Case Report Open Access
Copyright ©The Author(s) 2024. Published by Baishideng Publishing Group Inc. All rights reserved.
World J Clin Cases. May 26, 2024; 12(15): 2672-2677
Published online May 26, 2024. doi: 10.12998/wjcc.v12.i15.2672
Subclinical paraganglioma of the retroperitoneum: A case report
Li-Min Kang, Fa-Kun Yu, Fu-Wei Zhang, Lei Xu, Department of Hepatobiliary and Pancreatic Surgery, Puer People's Hospital, Puer 665000, Yunnan Province, China
ORCID number: Li-Min Kang (0000-0002-3062-897X); Fa-Kun Yu (0009-0007-1331-2432); Fu-Wei zhang (0009-0002-3737-0112); Lei Xu (0009-0002-7732-7856).
Author contributions: Kang LM, Yu FK and Zhang FW collected the clinical data; Kang LM and Xu L analyzed the data and wrote the paper.
Informed consent statement: Informed written consent was obtained from the patient for publication of this report and any accompanying images.
Conflict-of-interest statement: The authors declare that they have no conflict of interest.
CARE Checklist (2016) statement: The authors have read the CARE Checklist (2016), and the manuscript was prepared and revised according to the CARE Checklist (2016).
Open-Access: This article is an open-access article that was selected by an in-house editor and fully peer-reviewed by external reviewers. It is distributed in accordance with the Creative Commons Attribution NonCommercial (CC BY-NC 4.0) license, which permits others to distribute, remix, adapt, build upon this work non-commercially, and license their derivative works on different terms, provided the original work is properly cited and the use is non-commercial. See:
Corresponding author: Li-Min Kang, MD, PhD, Deputy Chief Physician, Department of Hepatobiliary and Pancreatic Surgery, Puer People's Hospital, No. 44 Zhenxing Street, Puer 665000, Yunnan Province, China.
Received: February 22, 2024
Revised: March 15, 2024
Accepted: April 3, 2024
Published online: May 26, 2024


Paraganglioma (PGL) located in the retroperitoneum presents challenges in diagnosis and treatment due to its hidden location, lack of specific symptoms in the early stages, and absence of distinctive manifestations on imaging.

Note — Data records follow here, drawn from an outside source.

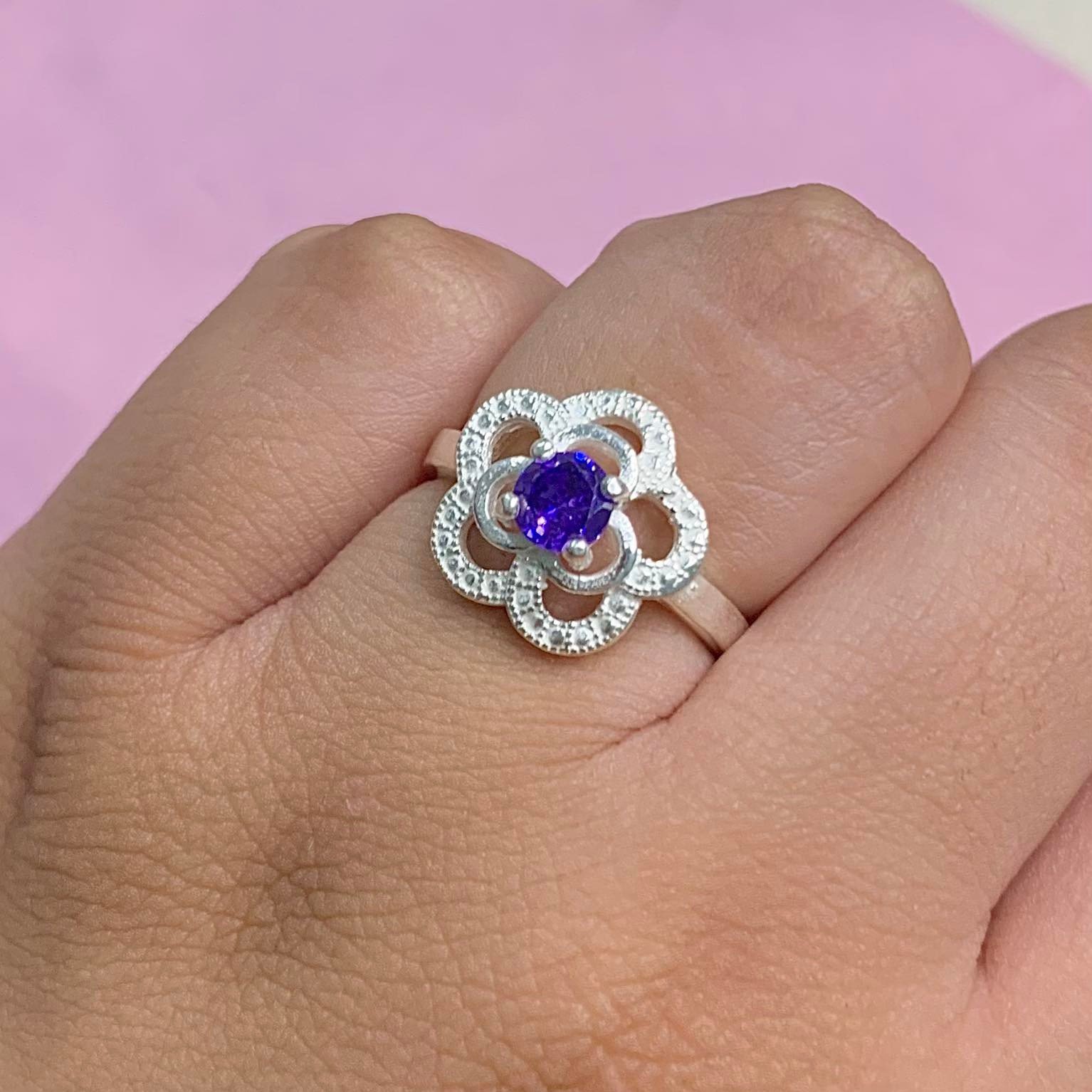 Anillo Flor con Piedra Amatista de Plata 925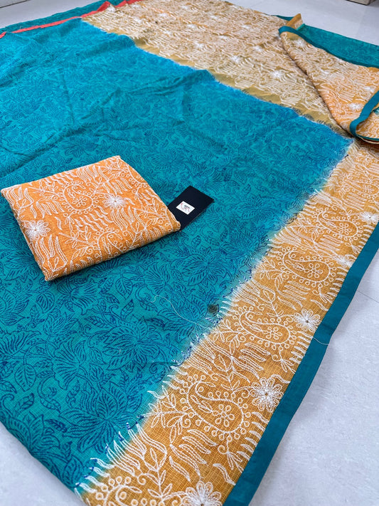 PURE EMBROIDERED KOTA COTTON DORIA SAREE
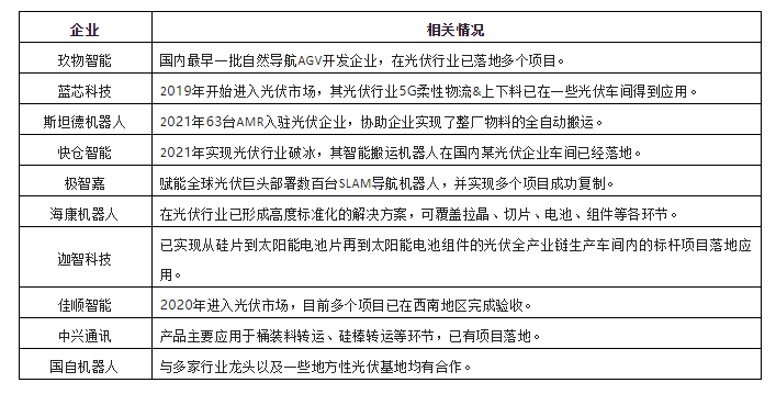 圖表:2021年光伏行業新增AGV/AMR類型分布整體來看,當前光伏行業的AGV/AMR應用還處于前期的階段,整體需求還未完全釋放,競爭相對較低,但伴隨著光伏行業近兩年投資擴產風潮的盛行,以及光伏企業對AGV/AMR產品認知度的不斷提高,光伏行業對AGV/AMR需求也在逐步放量。當前,光伏行業已經成為AGV/AMR企業重點布局領域之一。由于光伏行業對AGV/AMR的需求以自然導航類為主,當前,聚焦光伏行業的AGV/AMR企業也大部分以專注于自然導航(SLAM)類產品的企業為主,如藍芯科技、斯坦德、快倉智能、極智嘉、??禉C器人、迦智科技、佳順智能、中興通訊、玖物互通等。這些企業依托自然導航核心技術,結合光伏行業需求特點,也相繼形成了光伏行業解決方案。

A 56-year-old woman presented with a left upper abdominal mass discovered 1 wk ago during a physical examination. She did not have a history of smoking, alcohol consumption, or other harmful habits, no surgical procedures or infectious diseases, and had a 4-year history of hypertension. Upon admission, she did not exhibit fever, vomiting, or abdominal distension. Physical examination indicated mild percussion pain in the left upper abdomen, with no palpable enlargement of the liver or spleen. Laboratory tests and tumor markers showed no significant abnormalities. Enhanced computed tomography and magnetic resonance imaging of the upper abdomen revealed a cystic solid mass in the left epigastrium measuring approximately 6.5 cm × 4.5 cm, with inhomogeneous enhancement in the arterial phase, closely associated with the lesser curvature of the stomach and the pancreas. The patient underwent laparoscopic resection of the retroperitoneal mass, which was successfully removed without tumor rupture. A 12-month postoperative follow-up period showed good recovery.


This case report details the successful laparoscopic resection of a retroperitoneal subclinical PGL, resulting in a good recovery observed at the 12-month follow-up. Interestingly, the patient also experienced unexpected cure of hypertensive disease.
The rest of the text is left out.